The problem for the E_DRNG class is that CPUID is not a legal instruction inside of an enclave. To call CPUID, one must use an OCALL to exit the enclave and then invoke CPUID in untrusted code. Fortunately, the Intel SGX SDK designers have created two convenient functions that greatly simplify this task: sgx_cpuid and sgx_cpuidex. These functions automatically perform the OCALL for us, and the OCALL itself is automatically generated. The only requirement is that the EDL file must import the sgx_tstdc.edl header:

enclave {

	/* Needed for the call to sgx_cpuidex */
	from "sgx_tstdc.edl" import *;

    trusted {
        /* define ECALLs here. */

		public int ve_initialize ();
		public int ve_initialize_from_header ([in, count=len] unsigned char *header, uint16_t len);
		/* Our other ECALLs have been omitted for brevity */
	};

    untrusted {
    };
};

The feature detection code in the E_DRNG constructor becomes:

static int _drng_support= DRNG_SUPPORT_UNKNOWN;

E_DRNG::E_DRNG(void)
{
	int info[4];
	sgx_status_t status;

	if (_drng_support != DRNG_SUPPORT_UNKNOWN) return;

	_drng_support = DRNG_SUPPORT_NONE;

	// Check our feature support

	status= sgx_cpuid(info, 0);
	if (status != SGX_SUCCESS) return;

	if (memcmp(&(info[1]), "Genu", 4) ||
		memcmp(&(info[3]), "ineI", 4) ||
		memcmp(&(info[2]), "ntel", 4)) return;

	status= sgx_cpuidex(info, 1, 0);
	if (status != SGX_SUCCESS) return;

	if (info[2]) & (1 << 30)) _drng_support |= DRNG_SUPPORT_RDRAND;

#ifdef COMPILER_HAS_RDSEED_SUPPORT
	status= __cpuidex(info, 7, 0);
	if (status != SGX_SUCCESS) return;

	if (info[1]) & (1 << 18)) _drng_support |= DRNG_SUPPORT_RDSEED;
#endif
}

 

 

Because calls to the CPUID instruction must take place in untrusted memory, the results of CPUID cannot be trusted! This warning applies whether you run CPUID yourself or rely on the SGX functions to do it for you. The Intel SGX SDK offers this advice: “Code should verify the results and perform a threat evaluation to determine the impact on trusted code if the results were spoofed.”

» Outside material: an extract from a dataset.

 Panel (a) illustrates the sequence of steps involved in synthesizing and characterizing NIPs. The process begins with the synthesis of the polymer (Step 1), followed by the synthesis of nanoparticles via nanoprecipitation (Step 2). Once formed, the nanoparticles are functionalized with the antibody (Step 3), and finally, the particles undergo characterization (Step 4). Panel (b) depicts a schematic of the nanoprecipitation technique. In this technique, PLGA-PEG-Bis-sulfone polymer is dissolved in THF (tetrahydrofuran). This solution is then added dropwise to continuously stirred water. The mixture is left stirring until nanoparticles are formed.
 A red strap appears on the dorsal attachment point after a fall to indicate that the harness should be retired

In our tutorial password manager, there are three possible outcomes:

  1. RDRAND and/or RDSEED are not detected, but a positive result for one or both is spoofed. This will lead to an illegal instruction fault at runtime, at which point the program will crash.
     
  2. RDRAND is detected, but a negative result is spoofed. This will result in an error at runtime, causing the program to exit gracefully since a required feature is not detected.
     
  3. RDSEED is detected, but a negative result is spoofed. This will cause the program to fall back to the seed-from-RDRAND method for generating random seeds, which has a small performance impact. The program will otherwise function normally.
Since our worst-case scenarios are denial-of-service issues, which do not compromise the application’s secrets or robustness, we will not attempt to detect spoofing attacks.

Generating Seeds from RDRAND

In the event that the underlying CPU does not support the RDSEED instruction, we need to be able to use the RDRAND instruction to generate random seeds that are functionally equivalent to what we would have received from RDSEED if it were available. The Intel Digital Random Number Generator (DRNG) Software Implementation Guide describes the process of obtaining random seeds from RDRAND in detail, but the short version is that one method for doing this is to generate 512 pairs of 128-bit values and mix the intermediate values together using the CBC-MAC mode of AES to produce a single, 128-bit seed. The process is repeated to generate as many seeds as necessary.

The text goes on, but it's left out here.